Monday 27 June 2011

From Ambiguity to Certainty

Iphigenia in Forest Hills is a short book. Ordinarily I wouldn't read a book about a murder trial; but it's by Janet Malcolm, who writes with such thoughtfulness that I bought it and read it eagerly.

The title of Malcolm's book comes from Greek tragedy. Iphigenia was a daughter whose life was sacrificed. In this book, the child who was sacrificed was the four-year-old Michelle, daughter of Mazultov Borukhova (a physician) who was separated from her husband, Daniel Malakov (an orthodontist).
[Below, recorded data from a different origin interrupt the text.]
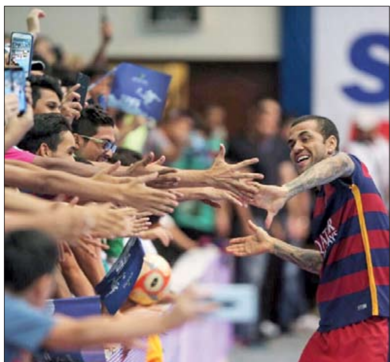
مصافحة الجماهير بعد تسجيل الهدف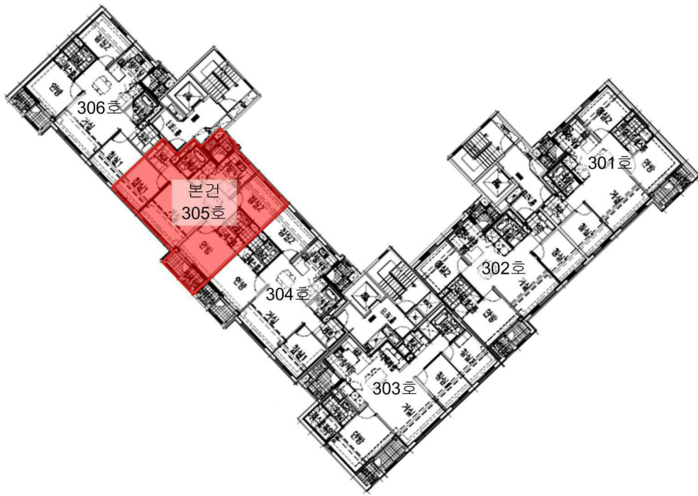
[ 김포사우아이파크 제109동 제3층 호별배치도 ]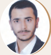
بقلم: إبراهيم أبو عواد ص 7

أسئلة عن المجتمع والثقافة والهوية الإبداعية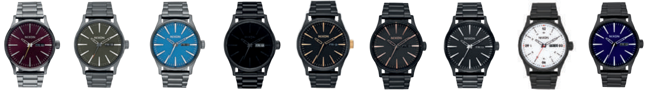
Gunmetal / Deep Burgundy 2073 All Gunmetal / Slate / Orange 2947 Navy / Gunmetal 2854 All Black / Black 1147 Matte Black / Gold 1041 All Black / Rose Gold 957 All Black 001 Black / White 005 All Black / Dark Blue 2668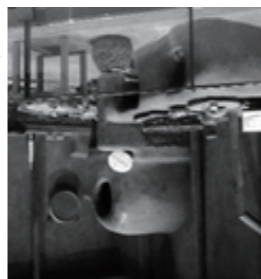
タシユケントの民家の台所を 見てください。 おいしいソーダパンが焼けましたよ。 模様がついています。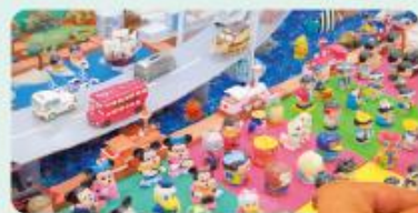
「タマニーバンク」貯金箱。役人の懐にゆっくりとコインが落ちていきます。コインが懐に入るとゆっくりと「らんらん」と聞こえ役人。

📍 尼崎市西本町北通3丁目93 TEL.06-6413-1163 🕒 10:00~16:00 🚗 月曜、祝休日(土曜・日曜と重なる場合は閉館)、12月29日~1月5日 🎫 入館料:無料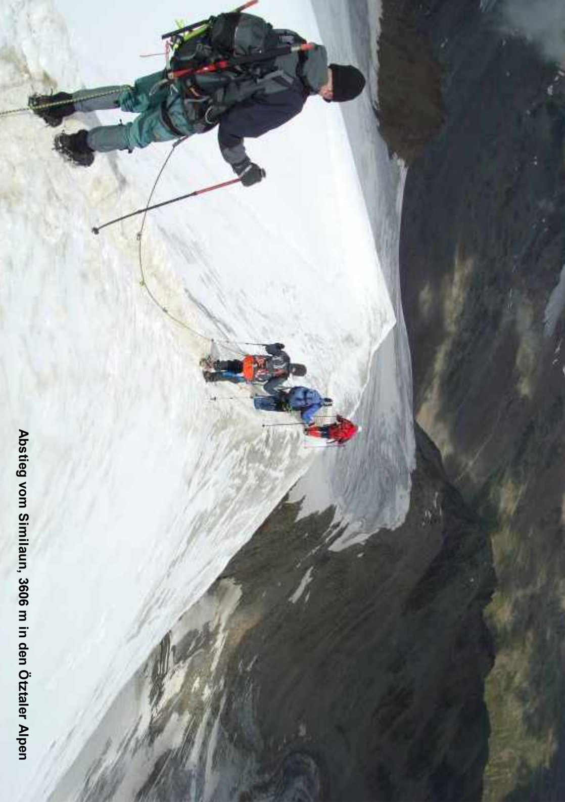
Abstieg vom Similaun, 3606 m in den Ötztaler Alpen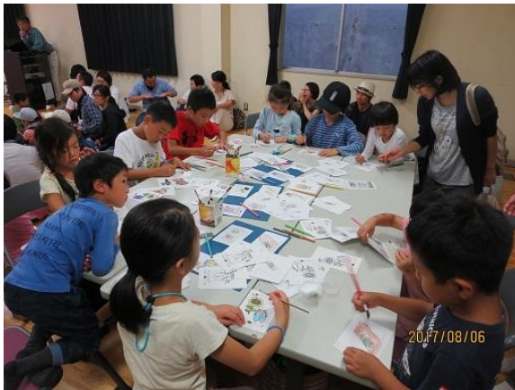
エコアップ探検隊夏編（8/6）セミの塗り絵の様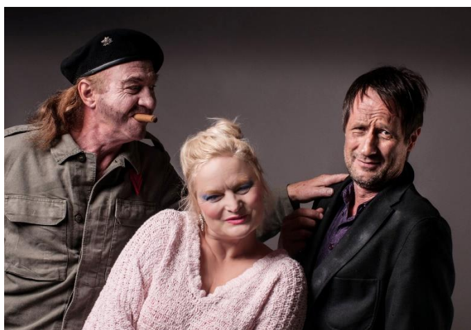
(c) Neue Bühne Budapest - Play Strindberg

Die Neue Bühne Budapest brachte ein Stück von Friedrich Dürrenmatt auf die Bühne, nämlich die bitterböse Komödie "Das Strindberg Spiel" (Play Strindberg). Das Theaterstück „Play Strindberg“ wurde 1969 in Basel uraufgeführt und war sofort ein Renner. Es handelt sich dabei um eine Überarbeitung des Dramas „Totentanz“ von August Strindberg. Das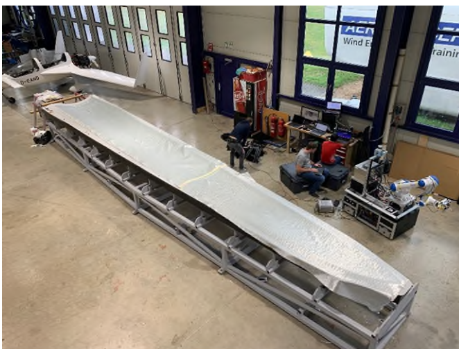
Abb. 1 Form einer Rotorblattspitze mit ausgelegten Faserlagenpaket bei Aeroconcept GmbH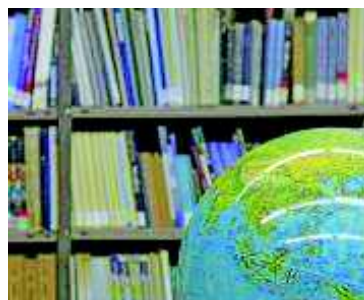
ספרים ואוספים- מידע כללי <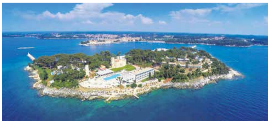
Valamar Collection Isabella Island Resort

razvoj destinacije glavni pokretači dugoročno održivog rasta i razvoja. Kao najveći i najpoželjniji poslodavac u turizmu Valamar svoje djelatnike kao i goste stavlja na prvo mjesto. Vrijednosti brenda Valamar All you can holiday se ogledaju kroz pet produkt brendova i Valamar programe s potpisom koji zajedno kreiraju savršen odmor i autentične doživljaje za svakog pojedinog gosta. Valamar je lider u inovativnom upravljanju odmorirnim turizmom i partner destinacijama gdje kroz odgovorno i održivo poslovanje stvara novu vrijednost za dioničare i lokalnu zajednicu.

Borukhova was found to have hired a hit-man (her cousin), who shot Daniel Malakov as Michelle stood just a few feet away. Borukhova was found guilty of murder. In a custody dispute that neither parent wanted, Michelle had been ordered by a court to be taken from her mother, to whom she was very close, and put in the care of her father. The prosecutor had a story-line with mythical undertones. His story (writes Malcolm) was that: "It was as as inevitable that Borukhova … would revenge herself on Daniel for the loss of Michelle as that Clytemnestra would revenge herself on Agamemnon for the loss of Iphigenia" (p. 16). 

Malcolm's approach to the trial is to show how one attorney was skilled and persuasive and the other had a much more difficult time. She shows how one witness, Michelle's "court appointed law guardian," who was supposed to work on Michelle's behalf, seemed instead to have been working against her. He had a hand in the court order to have Michelle—whom he never met—taken from her mother, thus initiating the disastrous chain of events. Malcolm depicts the judge as having a "faux genial manner that American petty tyrants cultivate" (p. 7), and as announcing at one point, a date by which the trial must be over, because, as he said, he would be "sipping pina coladas on the beach in Saint Martin" (p. 72).

The centre of Malcolm's book is the juxtaposition of ordinary human conversation with what goes on in a court of law. In conversation everything is provisional and ambiguous. What someone says today, or to this person, may be entirely different from what the same someone says tomorrow, or to another person. In court, procedure must overcome the provisional and the ambiguous. Whatever is said is fixed. The verdict will define exactly who did what, and with what intent.

Malcolm's book prompted me to compare courtroom procedures to games, not because courts are frivolous. Quite the opposite. Rather, it's because both games and courts ensure that the provisional becomes certain. Do both settings, perhaps, fulfill a yearning for certainty? A golf ball either drops into the hole or it doesn't. A defendant is either guilty or not guilty.

After the trial, Malcolm goes to talk with members of the families of the murdered man and of the defendant. There are still issues, for instance of who will care for Michelle. And, as is usual in conversation, despite the verdict, questions of who did what, and why, once again became provisional.

What about fiction? That's where we combine the certainty of an ending with the ambiguity of what it might mean.

Janet Malcolm (2011). Iphigenia in Forest Hills: Anatomy of a murder trial. New Haven, CT: Yale University Press.